Additionally, or alternatively and in some implementations, an integrated assembly (e.g., the module assembly 100) includes a substrate (e.g., the substrate 120) supporting a plurality of electronic components (e.g., the semiconductor packages 125) with varying heights that define an uneven topography (e.g., the uneven topography 130). The integrated assembly includes an expandable filler material (e.g., the label support structure 145) that is disposed over at least a subset of the plurality of electronic components, conforms to the uneven topography, and includes a substantially planar surface (e.g., the top surface 150). The integrated assembly includes a label (e.g., the label 135) conjoined with at least a portion of the substantially planar surface. In these ways, a flatness and readability of the label may be improved.

Furthermore, aspects of thermal management, electromagnetic shielding, and/or rework processes may be improved. As a result, the implementations may conserve an amount of resources used to support a market consuming the semiconductor device assembly and/or the integrated assembly (e.g., raw materials, semiconductor manufacturing tools, labor, and/or computing resources).
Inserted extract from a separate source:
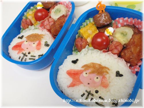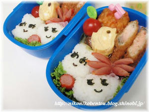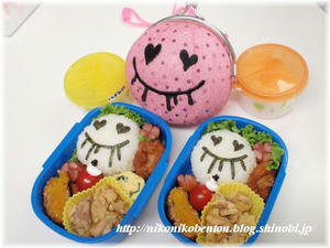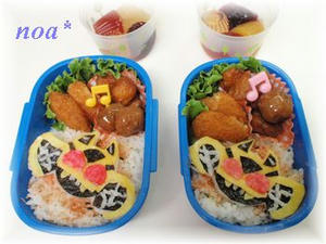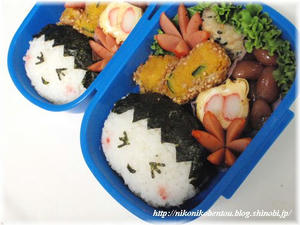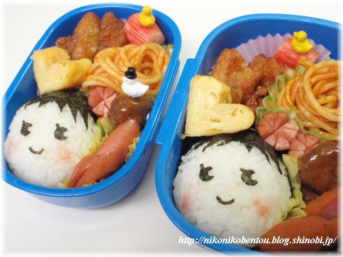 今日のお弁当は2人の似顔絵?!髪の毛を強調したお弁当のつもりデス^^

FIG. 3 is a flowchart of an example method 300 of forming an integrated assembly or memory device having a label support structure (e.g., the label support structure 145) including a filler material. In some implementations, and as described in greater detail in connection with FIGS. 6A-7D, one or more process blocks of FIG. 3 may be performed by various semiconductor manufacturing equipment.

As shown in FIG. 3, the method 300 may include receiving a substrate (e.g., the substrate 120) populated with one or more semiconductor packages (e.g., the semiconductor packages 125) (block 310). As further shown in FIG. 3, the method 300 may include forming a label support structure (e.g., the label support structure 145) that includes a filler material over the substrate (block 320). As further shown in FIG. 3, the method 300 may include placing a label (e.g., the label 135) on the label support structure (block 330).

The method 300 may include additional aspects, such as any single aspect or any combination of aspects described below and/or in connection with one or more other methods described elsewhere herein.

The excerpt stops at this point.